Selected metrics are executed (taking into account users’ parameters) and results compiled into the derivatives.
ancpBIDS writes the derivatives to the dataset directory, maintaining BIDS naming convention.

Dependencies#

It’s not necessary to manually pip install the different dependencies anymore. We’ll briefly introduce them here the main ones and their functiionality:

mne (Magnetic and Electric Neuroimaging): “MNE is an open-source package for exploring, visualizing and analyzing human neuropshysiological data (…). This package is also the basis for the MEGqc pipeline” (Gapontseva, 2023). It has been extensively documented and constantly updated by an active community support.
ancpBIDS: This library, developed in the ANCP lab, is used to read and query BIDS datasets as well as write the derivatives back.
Numpy (Numerical Python) and pandas: Both libraries are necessary for scientific computing and data manipulation in Python, particulary for working with multidimensional arrays and large matrices.
plotly: This library is used to create the interactive plots and visualize results. Plotly also supports exporting the figures in HTML format.

What is BIDS?#

Neuroimaging experiments result in complex data that can be arranged in many different ways, and for a long time, there was no consensus on how to organize and share data obtained in neuroimaging experiments. Brain Imaging Data Structure (BIDS), describes a simple and easy to adopt way of organizing neuroimaging and behavioral data (Gorgolewski et al., 2016; Niso et al., 2018) facilitating collaboration between researches and saving time and effort. (fragment adapted from BIDS official website).

bids-logo

BIDS describes the structure of the data, directories and sub-directories, name-structure, file-naming and file formats. MEGqc uses ancpBIDS, a Python library which facilitates working with BIDS, both for identifiying the files and also for writting the results according to BIDS.

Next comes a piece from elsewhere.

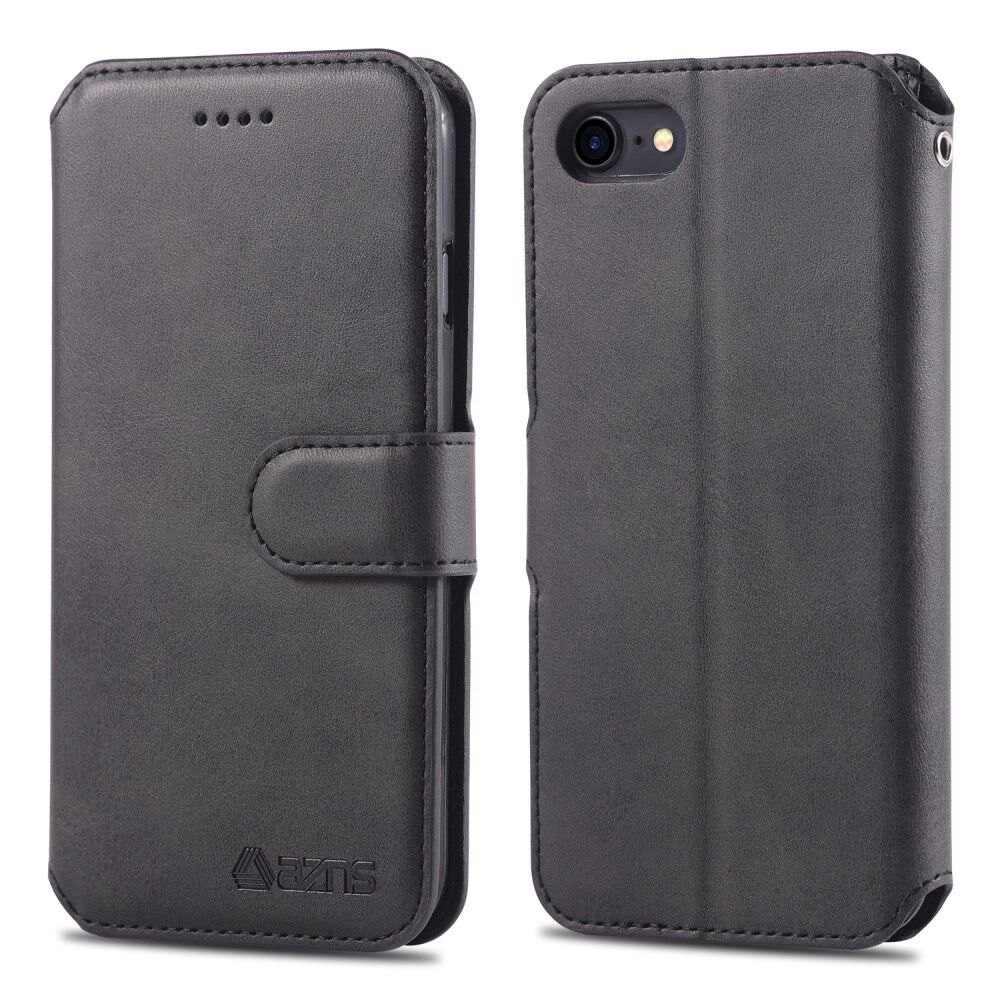 AZNS Wallet Leather Stand Case for iPhone 7/8/SE (2020)/SE (2022) - Black

Gapontseva (2023) evaluated the MEGqc software thanks to 21 MEG datasets obtained from the OpenNeuro data library. OpenNeuro is a free and open platform with more than 50 thousand participants and more than one thousand public BIDS compliant MRI, PET, MEG, EEG and iEEG datasets.

Derivatives Metadata#

BIDS suggest that the Metadata should be stored in .json and .tsv files, because both machine-readable type of file easily accesible by Python, Matlab, Excel or R.

json file: A JSON (JavaScript Object Notation) file is a lightweight data format that stores structured data in a readable, text-based format using key-value pairs, arrays, and nested objects.
tsv file: A TSV (Tab-Separated Values) file is a simple text file that stores tabular data, with each line representing a row and each value in the row separated by tab characters.